If you're limited to 32-bit math (or, in particular, if you only have a 64 → 32 + 32 bit divmod operation), you can instead iterate over t in (12, 19, 25, 30, 35, 40, 44, 48, 52)
and set m
to 2^32 mod (t! / s!)
. Note that this requires nine iterations of the outer loop instead of eight, since there will be some unused entropy left in r
at the end of each iteration. In principle we could recycle this entropy, but that would complicate the code even more, so I'll leave that as an exercise. ;-)
In any case, whichever method you choose, you will definitely want to test your code very throughly before using it. I have not done so myself for the pseudocode examples above, so they might contain bugs, and porting them from pseudocode to your actual programming language could easily introduce more.
Unfortunately, shuffling is exactly the kind of task where it's very easy to make subtle mistakes that are hard to catch in testing due to the inherent stochasticity of the task.
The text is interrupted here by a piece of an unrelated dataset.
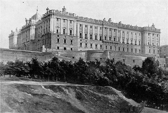 Le Palais Royal de Madrid, où logera M. Loubet, date, du dix-huitième siècle; il a remplacé le palais incendié en 1734 et qui avait succédé à l'Alcazar des Maures. Il est bâti, comme l'Escurial, sur une hauteur dominant la capitale et la plaine où coule... parfois le Manzanarès. Entièrement construit en granit, avec des motifs décoratifs en une pierre spéciale imitant le marbre, flanqué de tours aux quatre angles, il séduit moins par les détails de son architecture que par la régulière ordonnance de ses lignes.

Some useful tests I'd recommend include:
- shuffling a small deck of, say, 3 to 5 cards many times, and checking that each possible shuffle occurs approximately equally often (e.g. using Pearson's $\chi^2$ test);
- shuffling a full 52 card deck many times (starting with an ordered deck each time, to maximize any observable bias), recording the position of some specific card in the deck, and checking that those positions are approximately uniformly distributed (again using e.g. a $\chi^2$ test; repeat this for each of the 52 cards);
- same as above, but instead recording the distribution of cards occurring in a given position in the shuffled deck;
- same as the two tests above, but instead record the difference in the positions of two specific cards (modulo 52) or the difference in the card values at two specific positions in the shuffled deck (note that in both cases there will be 51 possible differences, since 0 is not a possible result);
- same as above, but instead of just recording the difference, record each observed pair of positions or card values (note that you'll need more shuffles per test for this, since there will now be 52 × 51 possible outcomes);
- count the number of disjoint cycles in the permutation generated by the shuffle, and check that the distribution of this count over many shuffles matches the expected distribution given by the Stirling numbers of the first kind (in particular, this test should catch any off-by-one errors leading to an accidental implementation of Sattolo's algorithm instead of the standard FYDK shuffle);
- other statistical randomness tests, especially any tests that would directly measure some specific property that you both care about in your actual simulation and can predict the theoretically expected distribution of.